Accounting and Budgeting

As a system integrator’s business grows to take on more projects, it is important to get a handle on your finances. How is money being allocated and spent? Are the expenses being documented and accounted for?

Chart Your Course

Another basic financial process is defining your ‘Chart of Accounts’. This is a list of well-organized list of ‘accounts’ to which you can assign your financial transactions. For instance:

  • Asset (100s) Resources: cash, building, inventory, receivables
  • Liability (200s) Obligations: payables, loans, accrued interest
  • Equity (300s) Residual assets after deducting liabilities
  • Revenue (400s) Earnings: Sales, service revenue, interest income
  • Expense (500s) Expenditures: bills, rentals, depreciation, insurance

There are lots of examples of Chart of Accounts that you can find by searching the web such as this one by Small Business Notes.

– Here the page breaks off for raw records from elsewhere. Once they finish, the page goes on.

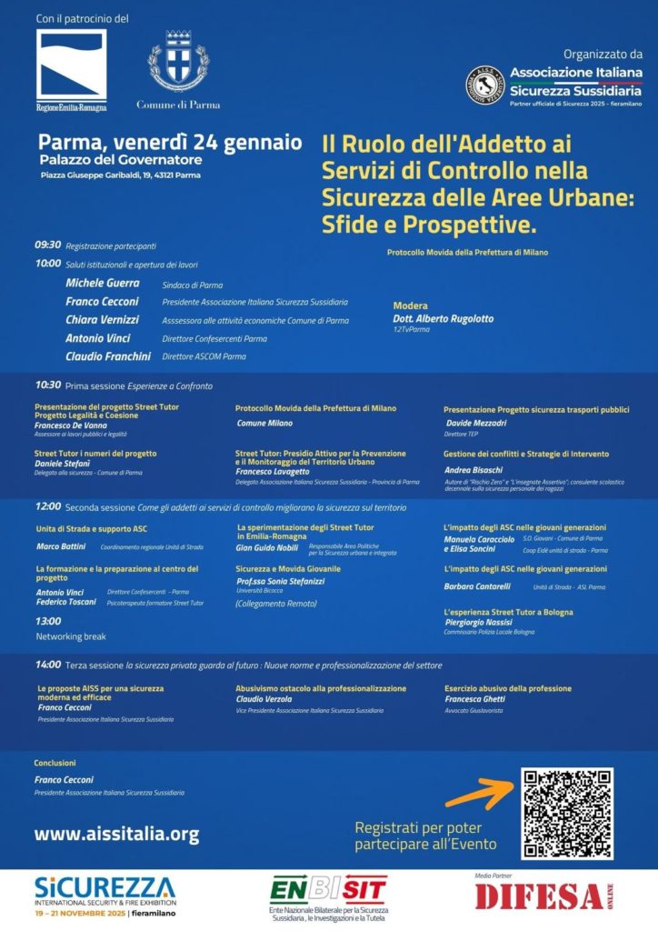 L’evento in programma venerdì 24 gennaio presso il Palazzo del Governatore di Parma, organizzato dall’Associazione Italiana Sicurezza Sussidiaria (AISS) l’associazione che per prima in Italia nel 2017 avviò il primo progetto pilota con il Comune di Pordenone che prevedeva l’utilizzo degli Addetti ai Servizi di Controllo.
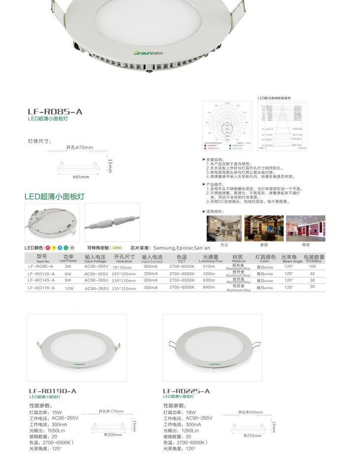 1.本系列面板灯有LF-RO85-A、LF-RO120-A、LF-RO145-A、LF-RO170-A、LF-RO190-A
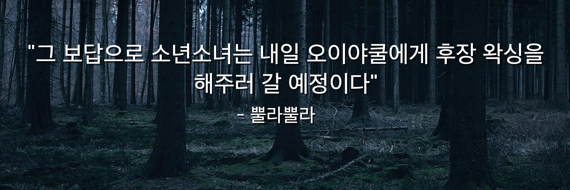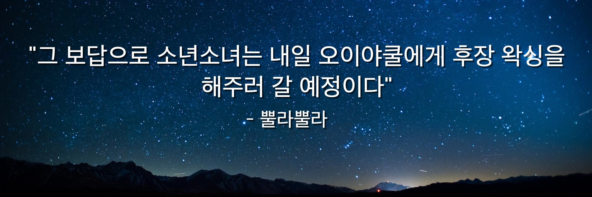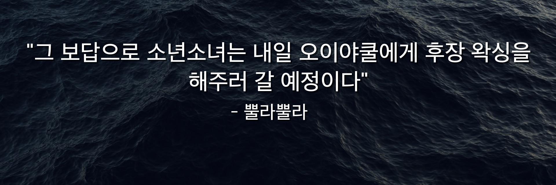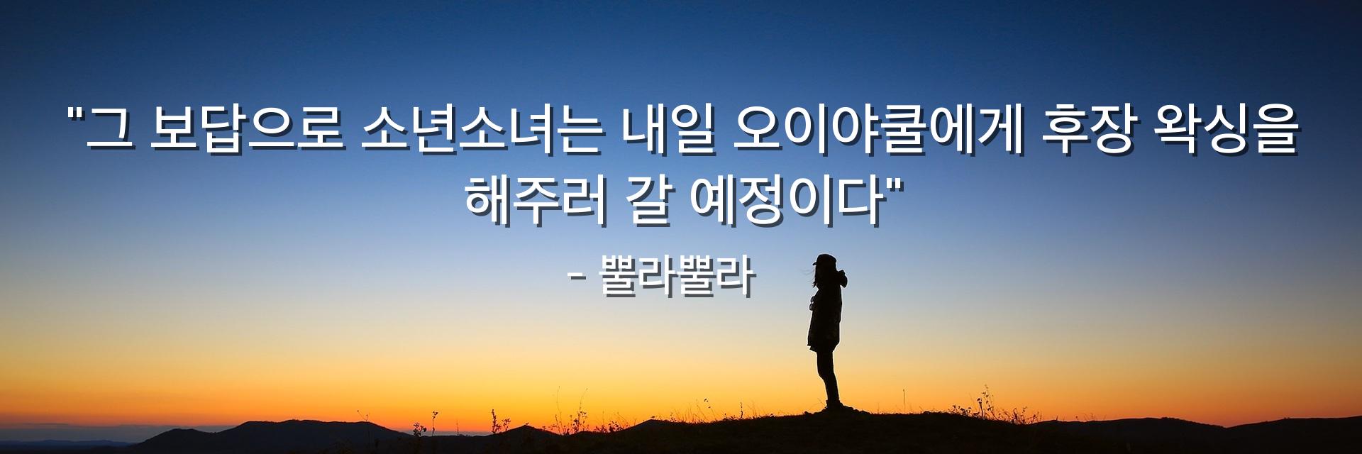 "그 보답으로 소년소녀는 내일 오이야쿨에게 후장 왁싱을 해주러 갈 예정이다"

If you already have an accounting package, it may have a suggested format as well. After picking one, make sure that the costing codes are well-documented and consistently used, so you can enhance your financial accounting and reporting.

Within Your Budget

Once you have a reliable Chart of Accounts for tracking your expenses, it becomes much easier for you to create and monitor your budget. This will not only help you to adequately control expenses, but to plan for necessary expenditures.

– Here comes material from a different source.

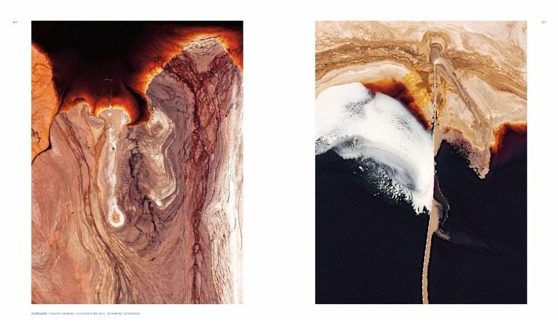 Diesem Trend folgt auch Kevin Krautgartner. Allerdings beschränkt er sich mit seinen famosen Bildern, die aus dem Hubschrauber oder Flugzeug geschossen wurden, auf ein Motiv, das er in all seiner Wandlungsfähigkeit zeigt: Wasser. Auf dem einen Foto wirkt es transparent, dann wieder blau oder schwarz. Hier glänzt es, als sei es verchromt, dort ähnelt es zähem Linseneintopf. Das Great Barrier Reef ist bei Krautgartner eine einzige Arabeske, ein spanisches Salzabbaugebiet erinnert an Gemälde von Mark Rothko. Besonders eindrucksvoll sind Bauxit-Minen, bei denen pro Tonne Aluminium rund anderthalb Tonnen Rotschlamm anfallen. Der wiederum ist giftig, sieht aber sensationell aus, mal wie kalter Kaffee, mal wie Muskelgewebe. Dagegen mutet ein Tulpenfeld in den Niederlanden recht ordentlich an: Wie mit dem Lineal gezogene Linien werden vom Regenbogenstrahl einer Sprinkleranlage zur kompositorischen Vollendung gebracht.

The budgeting process starts with the defined account codes and allocations for each of those areas, including plans for capital expenditures. Then, monitor the budget on a regular basis and analyze for variances.

Staying In Control

Closely tied to the budgeting process is expense procedures. You should define:

  1. The procurement process including proper authorization, guidelines for expediting items, tracking receipts, ….
  2. Adequate measures for cash control including policies for spending, standard expense forms, ….
  3. Withdrawal policies (e.g. who, how much, what conditions, …) to reduce risk of embezzlement.

I realize that, in small companies, it is easy to say that we trust our employees, but it is still prudent to have reasonable measures to budget for and control expenses.